Continuous Integration
Continuous integration is the practice of merging every engineer's work into one shared branch many times a day, with an automated build and test on every change. The mechanics are well known. What separates teams that get value from CI from teams that just pay for it is what they do with the signal.
In one paragraph
Every change an engineer makes gets pushed, built, and tested automatically, many times a day. A green pipeline means the change is safe to integrate. A red pipeline blocks the merge. The point is to surface integration problems immediately, when one engineer can fix them in an hour, instead of at the end of a release cycle when the whole team has to. CI is the foundation that trunk-based development, continuous delivery, and modern merge queues are built on.
The problem CI solves
flowchart LR Dev1["Engineer A<br/>2 weeks of work"] Dev2["Engineer B<br/>2 weeks of work"] Dev3["Engineer C<br/>2 weeks of work"] IntegrationDay["Integration<br/>day"] Broken["main<br/>BROKEN<br/>for days"] Dev1 --> IntegrationDay Dev2 --> IntegrationDay Dev3 --> IntegrationDay IntegrationDay --> Broken style Broken fill:#FDECEA,stroke:#E53935,color:#1A1D24 style IntegrationDay fill:#FFF4E5,stroke:#F27B2A,color:#1A1D24
Pre-CI integration: three engineers work in isolation for two weeks, then try to combine the work in one go. The conflicts are not in the code, they are in the assumptions each engineer made about a codebase that has since changed underneath them.
Before CI, teams shipped on a calendar.

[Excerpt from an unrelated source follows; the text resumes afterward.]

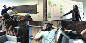At Bluecadet, they work to integrate technology seamlessly into familiar experiences. They have found the best way to achieve this seamlessness is simple: make throw-away prototypes early, often, and continuously. Throughout their process, they act things out, cut out paper, and use a lot of tape–even (and especially) when the final output is going to be high-tech.

Engineers worked on long-lived branches for weeks at a time. At the end of the cycle, somebody (the unlucky release engineer) merged all the branches back into one main branch and spent the next several days debugging the result. The phrase "integration hell" is older than most engineers using it now. It described a real week on a real calendar.
The cost of integration is not linear in branch lifetime, it is exponential. A two-day branch is a regular merge. A two-week branch is a project. A two-month branch is the kind of thing teams quietly abandon. The reason is that integration is about reconciling two diverging worlds: every day the branch stays open, both worlds change, and the surface area of the eventual merge grows.
Continuous integration cuts the problem at its source. Branches do not survive long enough for the world around them to change. The integration cost stays small because integration happens constantly, not on a schedule.
How CI works in practice
flowchart LR
Push["Push to branch"]
Build["Build"]
Test["Run tests"]
Signal{"Pass?"}
Green["Mergeable ✓"]
Red["Blocked<br/>Fix the branch"]
Push --> Build --> Test --> Signal
Signal -->|yes| Green
Signal -->|no| Red
style Green fill:#E6F8F2,stroke:#1CB893,color:#1A1D24
style Red fill:#FDECEA,stroke:#E53935,color:#1A1D24
The CI loop: every change is built and tested before it can be considered mergeable.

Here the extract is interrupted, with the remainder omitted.